Enfin, un troisième point. Paul dit qu'il est reconnaissant du fait qu '«aucun don spirituel ne vous manque plus». En entendant ces mots, c'est presque comme si je voyais devant moi le visage de Saint Paul, qui sourit avec une ironie subtile, légère. En effet, quelques pages plus loin, il pointe du doigt les Corinthiens parce qu'ils sont réellement assoiffés de charisme. Il ne retire pas cette phrase, ce n'est pas de la flatterie. Non, ils ne leur manque aucun charisme, aucun don de grâce. Et pourtant, ils risquent d'être malavisés, parce qu'ils ne se soucient que du particulier, parce que chacun veut dominer l'autre, et parce qu'ainsi, il n'est plus évident que tous les dons, tous les charismes ont un seul but: nous faire découvrir l'amour et construire ainsi l'organisme vivant de Jésus-Christ.
Mais il me vient aussi à l'esprit saint Philippe Neri (...), ce saint qui, avec son humour intarissable et sa foi immense fit de la Rome de la seconde moitié du XVIe siècle, une ville dans laquelle la lumière de Jésus-Christ était à nouveau sur le chandelier, et pouvait à nouveau être un critère pour les chrétiens.

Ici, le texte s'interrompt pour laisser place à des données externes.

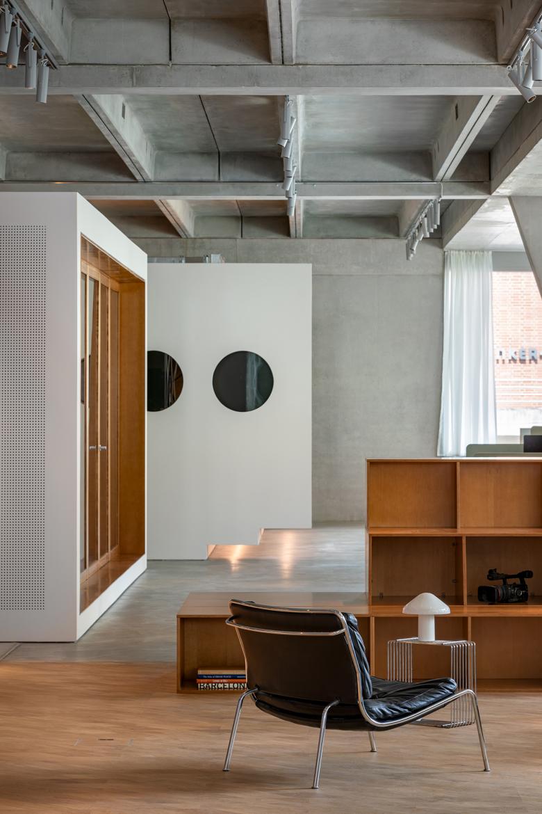 Die Parkettfläche hebt den Lounge-Bereich durch ihre warme Optik klar vom industriell geprägten Umfeld ab. Verlegt als klassischer Schiffsboden überrascht die rund 40 Quadratmeter grosse Echtholzfläche mit einem ungewöhnlichen, dynamischen Auftritt. Erzielt wird dies über die diagonal zur Verlegerichtung verlaufende Maserung. Mit der Drehung der Holzmaserung um 45° zur Diele lässt Spinpark, entworfen vom Schweizer Architektur- und Designstudio atelier oï, völlig neue Fussbodenoptiken entstehen. Ein besonderes gestalterisches Detail ist die 4:3-Flächenproportion des Lounge-Bereichs, inspiriert von klassischen Filmformaten. Dieser bewusste Designgriff würdigt das Kerngeschäft von Dynamic Frame und verleiht dem Raum symbolische Präsenz.
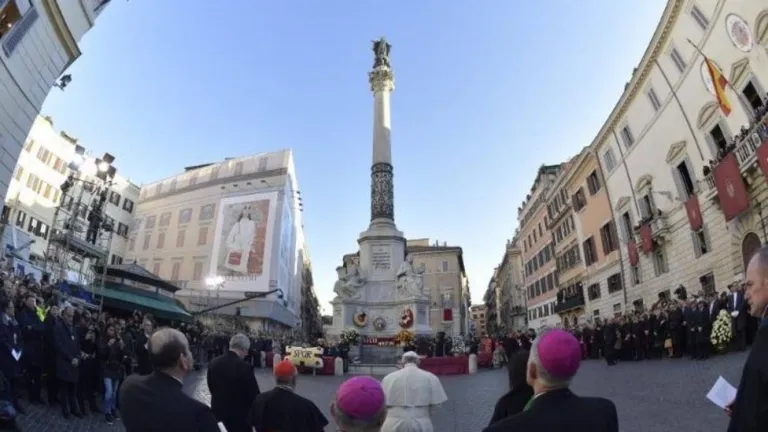 Oración a la Virgen María en la Plaza de España en Roma
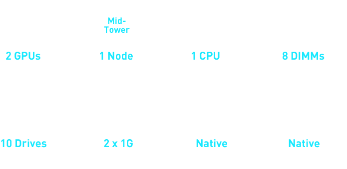 | SATA | 6 SATA3 (6Gbps) ports from Intel® C422 |
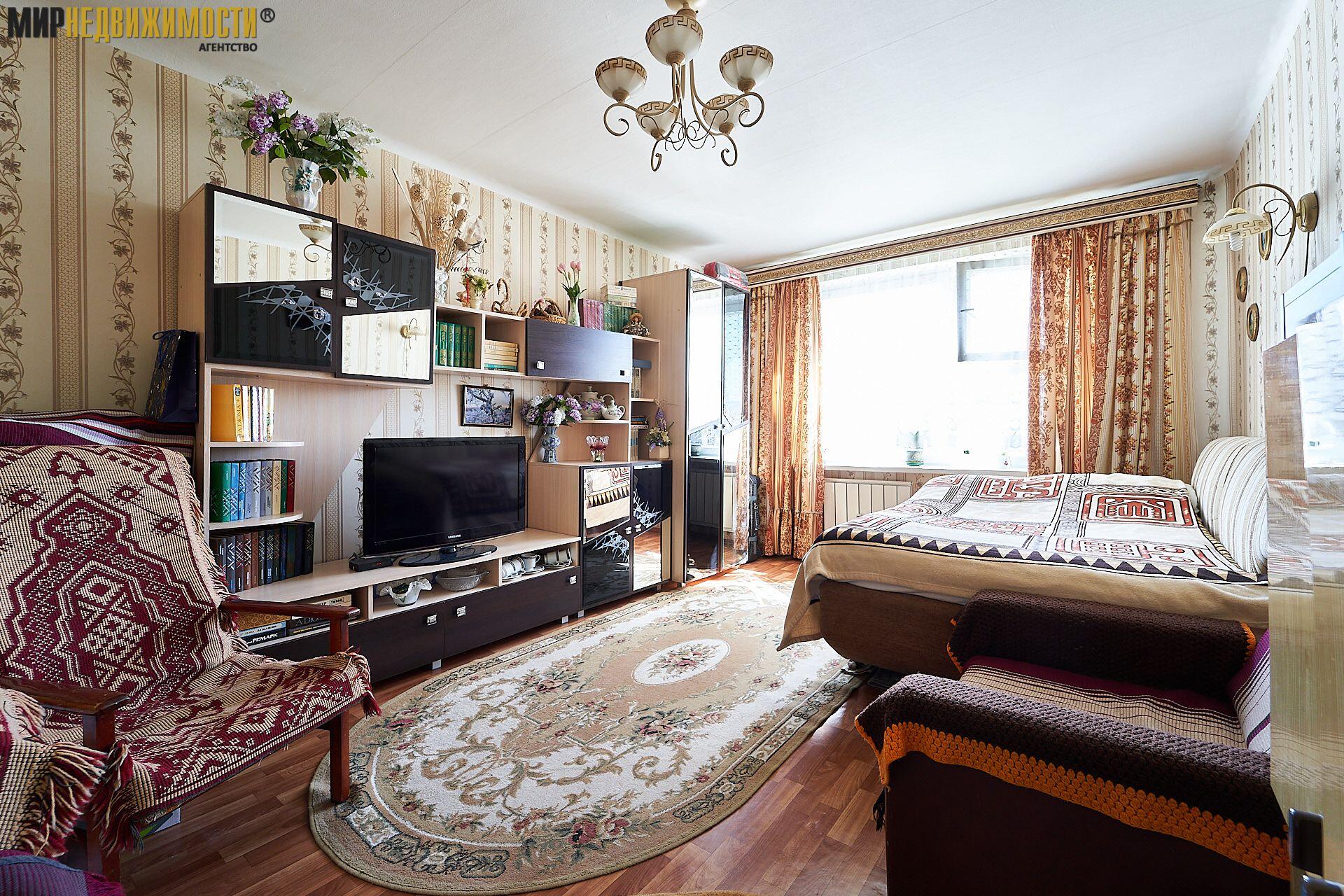 Большая светлая комната, кухня с выходом на просторную лоджию. Отличный вид из окон на зеленую зону.
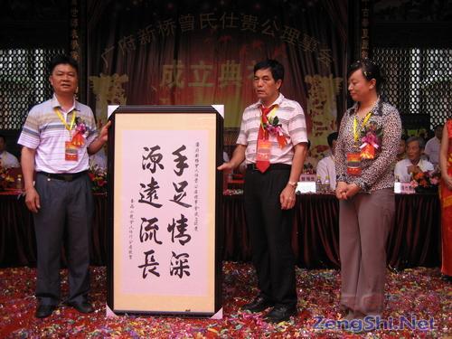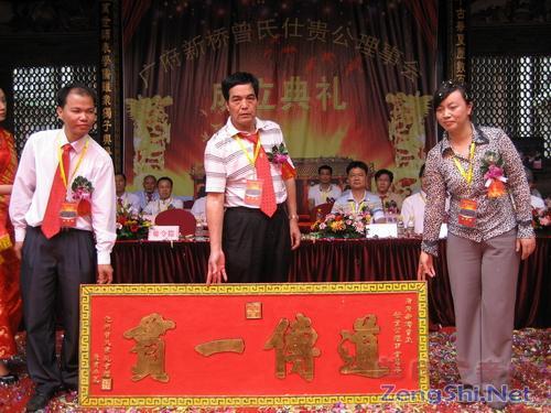 筹备了一年的新桥仕贵公理事会,今天早上在深圳市宝安区沙井镇新桥曾氏大宗祠宣布成立,来自各地的仕贵公后裔代表聚集一堂,各地受邀嘉宾、代表也到贺,共庆良辰。 早上九点半,主办单位首先安排与会成员平拍摄大合照,留下光辉的一页。随后,宗亲们就座大宗祠,由大会司仪、宗圣公七十四派孙女瑞体姑娘宣布成立大会正式开始。第一项是祭祖仪式,全体与会宗亲在当选会长、仕贵公二十八世孙日超家先生带领下祭祀历代先祖。整个祭祀过程在庄重、简约的气氛下进行。 祭祀完毕,宗亲们就座原位,司仪向全体与会宗亲表示欢迎,并简介仕贵公房系曾氏的历史渊源和现状。然后由日超家先生致辞。随后由新任仕贵公理事会会长日超家先生和代表曾氏宗亲联合总会的令霞宗亲共同主持揭牌仪式,并宣布广府新桥曾氏仕贵公理事会成立! 接下来是仕贵公理事会理事长国祥家先生作工作报告,将筹办理事会的经过介绍,以及宣读理事会今后的工作计划等。之后是仕贵公后裔化州平垌房昭权致辞;曾氏宗亲网代表昭演家先生致祝贺辞;曾氏宗亲联合总会副会长兼秘书长令霞致贺辞...。最后接受各地宗亲组织致送的贺仪,有牌匾、有锦旗、有字画等等。仕贵公理事会成立大会在热情洋溢的、和谐团结的气氛下结束。接下来是深圳特色的盘菜午宴。 仕贵公后裔成立的理事会,显示了仕贵公后人团结友爱,众志成城。成立了理事会,增强了家族的凝聚力。期待他们能够顺利完成重修族谱、互助奖学等目标。更好地弘扬宗圣公思想文化。 热烈祝贺广府新桥曾氏仕贵公理事会成立!
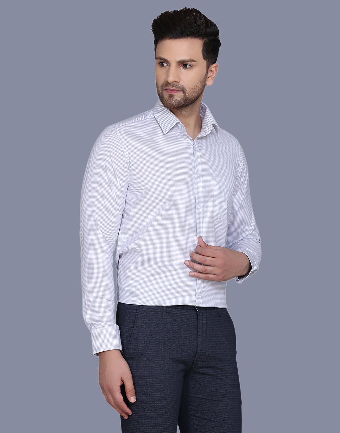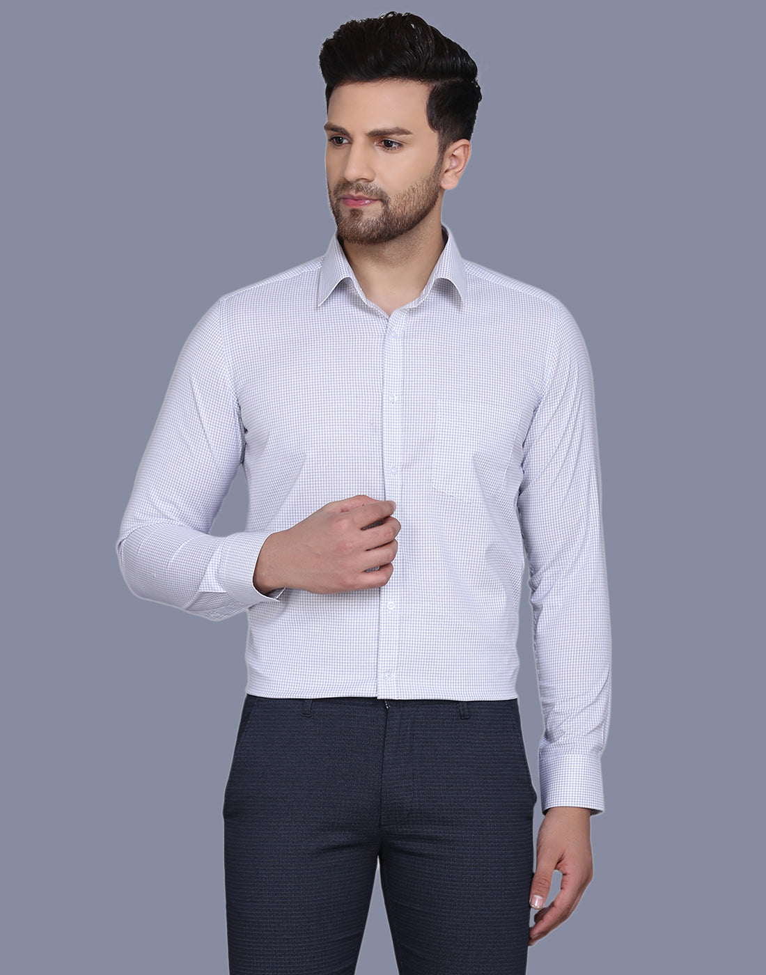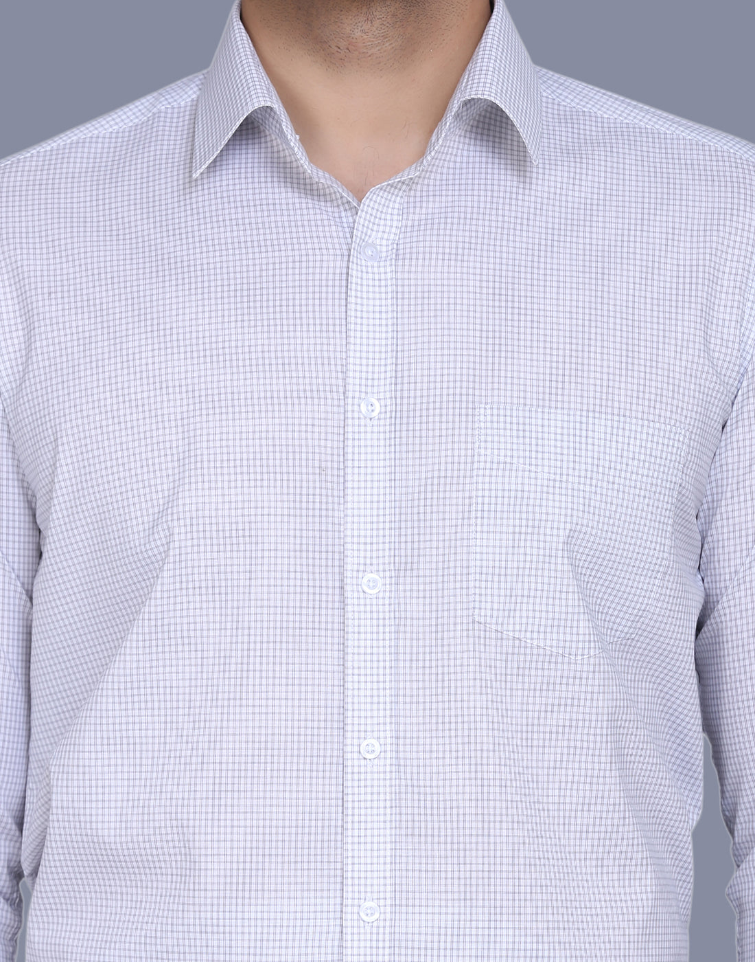 This yarn dyed Cotton micro checkered slim fit formal shirt, has a spread collar, long sleeves, and curved hem, this shirt will give you the perfect amount of comfort and durability. When you're going out on a official lunch, match this piece with formal classic trousers and a pair of dark brown shoes.
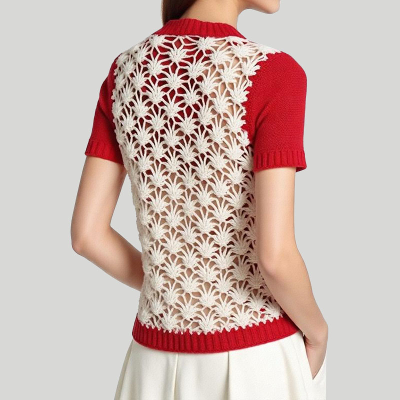 This women’s knitted short-sleeved top is the perfect combination of fashion and practicality with its exquisite design and comfortable material.
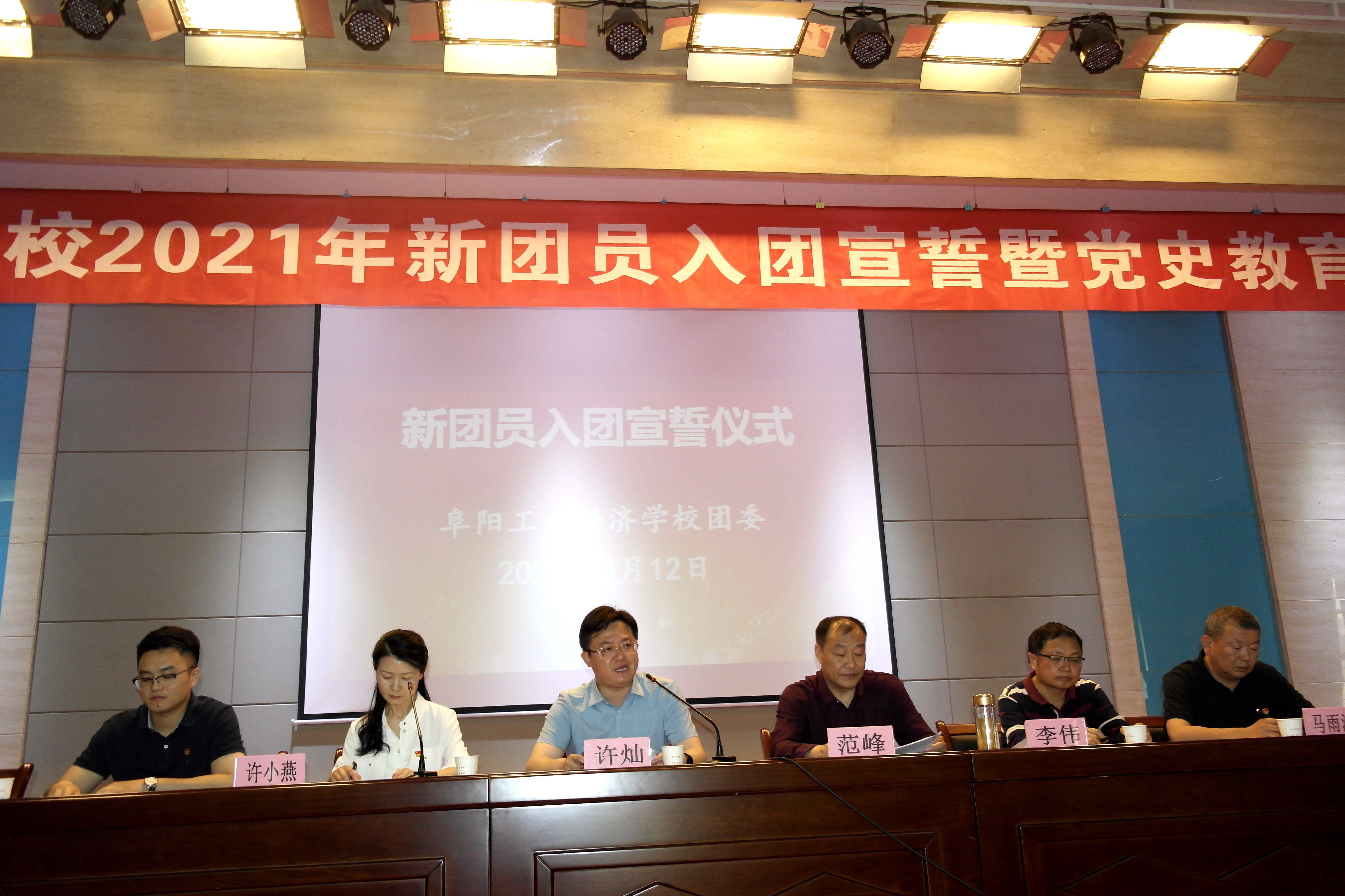 5月12日,“传承红色基因 勇担时代使命”2021年阜阳工业经济学校新团员集中入团宣誓仪式暨学党史教育宣讲大会在多功能厅举行。共青团阜阳市委副书记许灿,阜阳工业经济学校副校长范峰、相关科室负责人、学生党支部党员、校团委委员及教师和团员代表三百余人参加了活动。

Il recueillait des jeunes qui lisaient les Ecritures avec lui, s'immergeaient dans les trésors de l'histoire de l'Eglise et pour qui il était évident que ceux qui s'abreuverait à cette Parole, devraient ensuite la distribuer parmi les malades de l'hôpital voisin du Saint-Esprit et les pauvres de Rome.
Dans cette école des charismes ont grandi d'excellents hommes comme Cesare Baronio - le grand historien de l'Église - et de nombreux autres hommes et femmes en qui ces dons furent réveillés et chez qui, sans aucun ministère ou appel particulier, s'est rendue vivante la force de la Parole de Dieu. Cette Parole a pris ces hommes à son service et tout s'est rassemblé, toujours et malgré tout, autour de ce centre qui s'appelle l'amour, la foi, l'espérance.